• [Goal of the exercise]: Restate the lines word for word, from the first line of the records through the line containing "Prostogal - suplement". Leave out the pictures and anything after that line.

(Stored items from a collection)
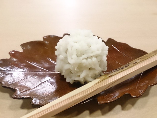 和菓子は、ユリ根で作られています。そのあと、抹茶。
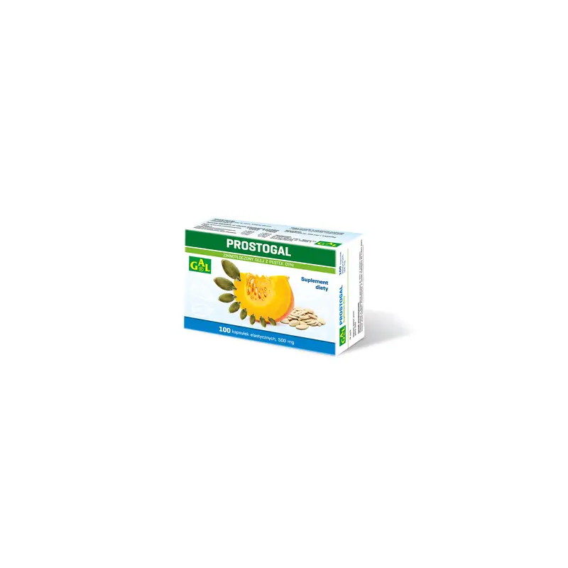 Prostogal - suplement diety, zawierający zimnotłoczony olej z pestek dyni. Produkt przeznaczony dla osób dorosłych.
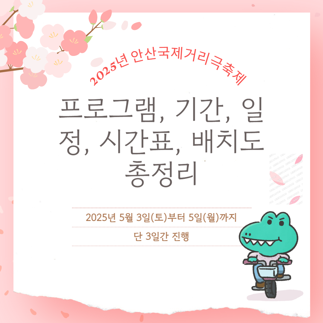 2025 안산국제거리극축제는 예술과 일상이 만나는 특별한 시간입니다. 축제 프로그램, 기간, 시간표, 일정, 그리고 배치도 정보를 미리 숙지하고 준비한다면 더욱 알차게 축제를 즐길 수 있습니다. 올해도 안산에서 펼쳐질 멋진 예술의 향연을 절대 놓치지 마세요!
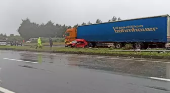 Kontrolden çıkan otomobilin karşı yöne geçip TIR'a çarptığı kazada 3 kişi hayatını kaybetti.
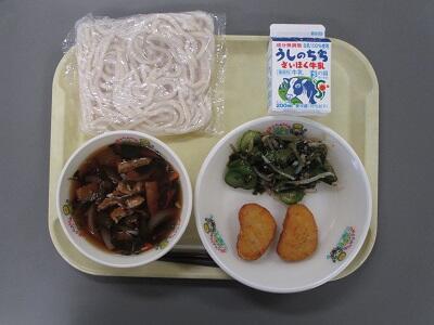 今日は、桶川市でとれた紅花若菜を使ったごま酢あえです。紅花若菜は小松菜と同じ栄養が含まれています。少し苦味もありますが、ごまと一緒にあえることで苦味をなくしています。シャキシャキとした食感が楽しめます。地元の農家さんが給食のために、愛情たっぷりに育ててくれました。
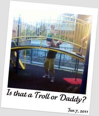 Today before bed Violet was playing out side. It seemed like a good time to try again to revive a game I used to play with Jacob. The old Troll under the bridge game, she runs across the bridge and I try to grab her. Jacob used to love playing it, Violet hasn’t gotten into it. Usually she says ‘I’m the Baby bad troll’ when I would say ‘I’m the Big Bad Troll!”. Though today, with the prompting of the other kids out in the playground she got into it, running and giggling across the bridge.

• [Written solution]:
 和菓子は、ユリ根で作られています。そのあと、抹茶。
 Prostogal - suplement diety, zawierający zimnotłoczony olej z pestek dyni. Produkt przeznaczony dla osób dorosłych.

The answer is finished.